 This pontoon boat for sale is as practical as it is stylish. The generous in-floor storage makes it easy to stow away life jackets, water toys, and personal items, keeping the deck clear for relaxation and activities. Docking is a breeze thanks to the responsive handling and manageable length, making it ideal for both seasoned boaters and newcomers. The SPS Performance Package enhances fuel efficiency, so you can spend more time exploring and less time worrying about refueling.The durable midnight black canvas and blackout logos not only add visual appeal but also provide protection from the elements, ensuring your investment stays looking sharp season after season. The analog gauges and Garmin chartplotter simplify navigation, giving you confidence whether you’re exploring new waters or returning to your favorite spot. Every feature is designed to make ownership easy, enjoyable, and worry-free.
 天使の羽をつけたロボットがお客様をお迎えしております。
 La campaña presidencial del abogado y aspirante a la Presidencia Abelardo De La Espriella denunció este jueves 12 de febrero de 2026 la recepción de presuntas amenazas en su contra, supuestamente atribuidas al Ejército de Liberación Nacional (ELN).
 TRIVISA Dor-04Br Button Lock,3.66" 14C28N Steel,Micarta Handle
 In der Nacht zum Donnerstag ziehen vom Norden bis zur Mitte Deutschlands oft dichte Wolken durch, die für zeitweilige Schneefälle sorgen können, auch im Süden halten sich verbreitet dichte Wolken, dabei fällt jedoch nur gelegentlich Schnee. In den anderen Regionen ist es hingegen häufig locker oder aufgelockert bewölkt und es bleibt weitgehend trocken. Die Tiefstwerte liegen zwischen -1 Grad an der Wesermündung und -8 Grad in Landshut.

---

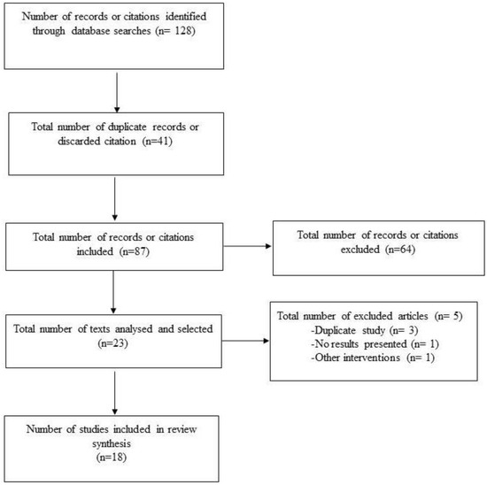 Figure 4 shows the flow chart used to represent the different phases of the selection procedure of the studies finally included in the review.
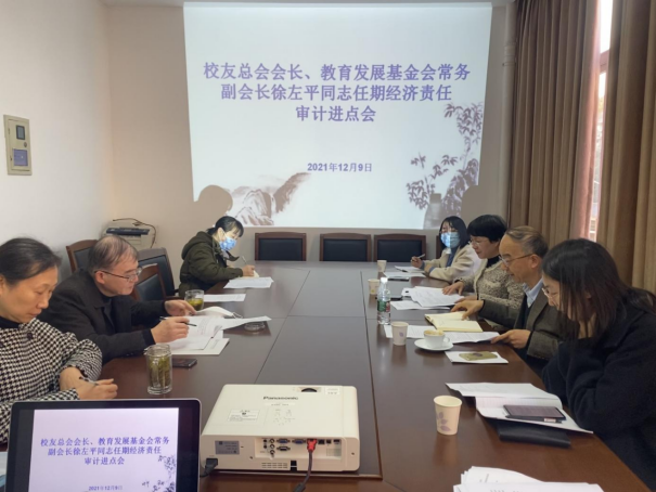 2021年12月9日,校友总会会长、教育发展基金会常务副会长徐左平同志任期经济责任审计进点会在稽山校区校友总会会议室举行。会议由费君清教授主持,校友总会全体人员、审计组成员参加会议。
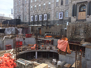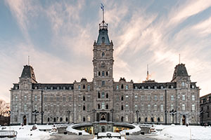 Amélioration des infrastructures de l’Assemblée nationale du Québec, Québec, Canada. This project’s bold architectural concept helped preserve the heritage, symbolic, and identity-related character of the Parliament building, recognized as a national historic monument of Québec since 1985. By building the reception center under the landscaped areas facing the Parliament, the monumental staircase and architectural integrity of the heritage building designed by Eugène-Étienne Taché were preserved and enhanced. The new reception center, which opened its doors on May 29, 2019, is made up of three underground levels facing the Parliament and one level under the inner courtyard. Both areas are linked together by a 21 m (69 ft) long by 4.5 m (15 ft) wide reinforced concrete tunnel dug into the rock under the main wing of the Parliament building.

* _Exercise prompt_: All that is wanted is an exact copy of the lines above from the one with "La campaña presidencial" through the one with "In der Nacht", with both ends included.

* _Written answer_:
 La campaña presidencial del abogado y aspirante a la Presidencia Abelardo De La Espriella denunció este jueves 12 de febrero de 2026 la recepción de presuntas amenazas en su contra, supuestamente atribuidas al Ejército de Liberación Nacional (ELN).
 TRIVISA Dor-04Br Button Lock,3.66" 14C28N Steel,Micarta Handle
 In der Nacht zum Donnerstag ziehen vom Norden bis zur Mitte Deutschlands oft dichte Wolken durch, die für zeitweilige Schneefälle sorgen können, auch im Süden halten sich verbreitet dichte Wolken, dabei fällt jedoch nur gelegentlich Schnee. In den anderen Regionen ist es hingegen häufig locker oder aufgelockert bewölkt und es bleibt weitgehend trocken. Die Tiefstwerte liegen zwischen -1 Grad an der Wesermündung und -8 Grad in Landshut.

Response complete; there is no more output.